The CARES Act provides a refundable payroll tax credit for 50% of “qualified wages” paid by certain employers to employees. The credit is available to eligible employers carrying on a trade or business in calendar year 2020 whose:
The deferred deposit of payroll taxes and the employee retention credit are available to both taxable and tax-exempt employers that otherwise meet the eligibility requirements.
For more information about these provisions and other employer-related benefits that may be available, read KPMG report: Employer-related liquidity – tax credits, deferrals, and efficiencies (COVID-19) [PDF 948 KB].

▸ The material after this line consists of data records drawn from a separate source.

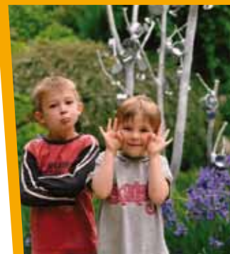
Faire marcher ses 5 sens
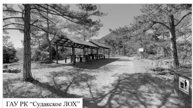
ГАУ РК «Судакское ЛОХ»

Департамент лесного хозяйства по ЮФО присвоил Республике Крым первое место в конкурсе за организацию противопожарной пропаганды.
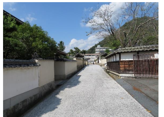
石火矢町武家屋敷通り (左手前が当該物件)
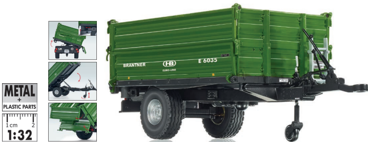
0773 48 Brantner E 6035 Einachs-Dreiseitenkipper UVP 59,95 €

The 2017 U.S. tax law commonly referred to as the “Tax Cuts and Jobs Act” (TCJA) (Pub. L. No. 115-97), imposed limitations on a number of business tax benefits in connection with the reduction in tax rates. The CARES Act makes temporary changes to some of these limitations, providing opportunities for reduced cash tax expense and tax refunds. For example, the TCJA eliminated the carryback of net operating losses (NOLs), but the CARES Act grants a five-year carryback period for NOLs arising in tax years beginning after December 31, 2017, and before January 1, 2021 (i.e., calendar years 2018, 2019, and 2020). Other TCJA limitations on the use of NOLs, the deduction of business interest expense, and the usage of alternative minimum tax (AMT) credits have also been temporarily relaxed by the CARES Act.
The CARES Act includes nontax avenues to addressing the immediate cash flow concerns of healthcare organizations, including for example a temporary suspension of Medicare sequestration and expansion of the Medicare accelerated payment program.
For an overview of these provisions, read KPMG’s report: Coronavirus Aid, Relief, and Economic Security Act: Economic relief and stimulus bill [PDF 106 KB].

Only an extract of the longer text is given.